Topik pilihan: Tradisi Unik | Lokasi Wisata | Situs Sejarah
Setrika dada, Kamerun
Yang satu ini mungkin lebih tepat jika disebut sebagai tradisi, meskipun tak kalah menyakitkan dibandingkan ritual-ritual di atas. Gadis-gadis di Kamerun, terutama yang hidup dalam lingkungan dengan budaya tradisional harus menjalani proses di mana dada mereka disetrika agar tampak rata. Para ibu yang memiliki anak gadis di usia remaja menyetrika dada puteri mereka yang sedang tumbuh dengan batu, palu, spatula logam, atau kayu yang sudah dipanaskan terlebih dahulu. Setelah itu si anak diharuskan mengenakan sejenis korset untuk semakin menyamarkan bentuk dadanya.
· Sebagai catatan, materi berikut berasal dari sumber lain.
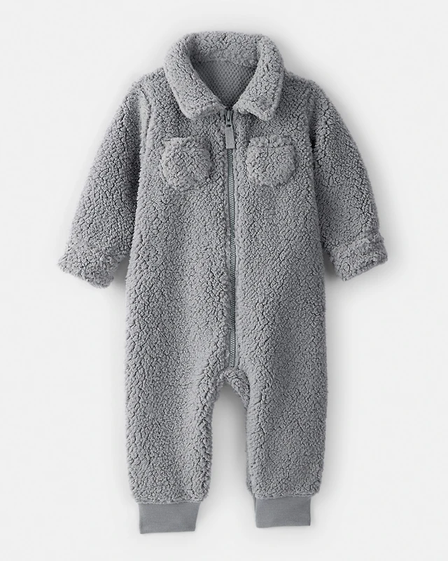 Baby Boy Sherpa Pocket Zip-Up Jumpsuit - Grey

Photo by CNN Hal ini dilakukan untuk menghindarkan si anak dari 'perhatian yang tak diinginkan' para pria. Orang-orang Kamerun berpendapat kalau dada yang menonjol bisa menimbulkan birahi. Jadi dengan dada yang rata para wanita akan terhindar dari pelecehan dan tampak lebih terhormat.
Topik pilihan: Tradisi Unik | Lokasi Wisata | Situs Sejarah
Penyayatan perut, Nigeria
Etnis Tiv yang tinggal di Nigeria juga memiliki ritual menyakitkan yang harus dilakukan para wanita untuk inisiasi menuju kedewasaan. Begitu mendapatkan haid, gadis-gadis suku Tiv harus menjalani ritual penyayatan perut. Untuk menandai kedewasaan, perut gadis yang baru mendapat haid tersebut disayat dengan beberapa torehan luka berbentuk garis memanjang. Ritual ini sifatnya wajib bagi para perempuan di sana. Selain menandakan kedewasaan, sayatan-sayatan ini dipercaya dapat meningkatkan kesuburan si gadis. Seorang gadis baru bisa disebut wanita sejati jika sudah memiliki empat bekas sayatan di perutnya. Dengan begitu mereka pun bisa mendapatkan jodoh yang baik.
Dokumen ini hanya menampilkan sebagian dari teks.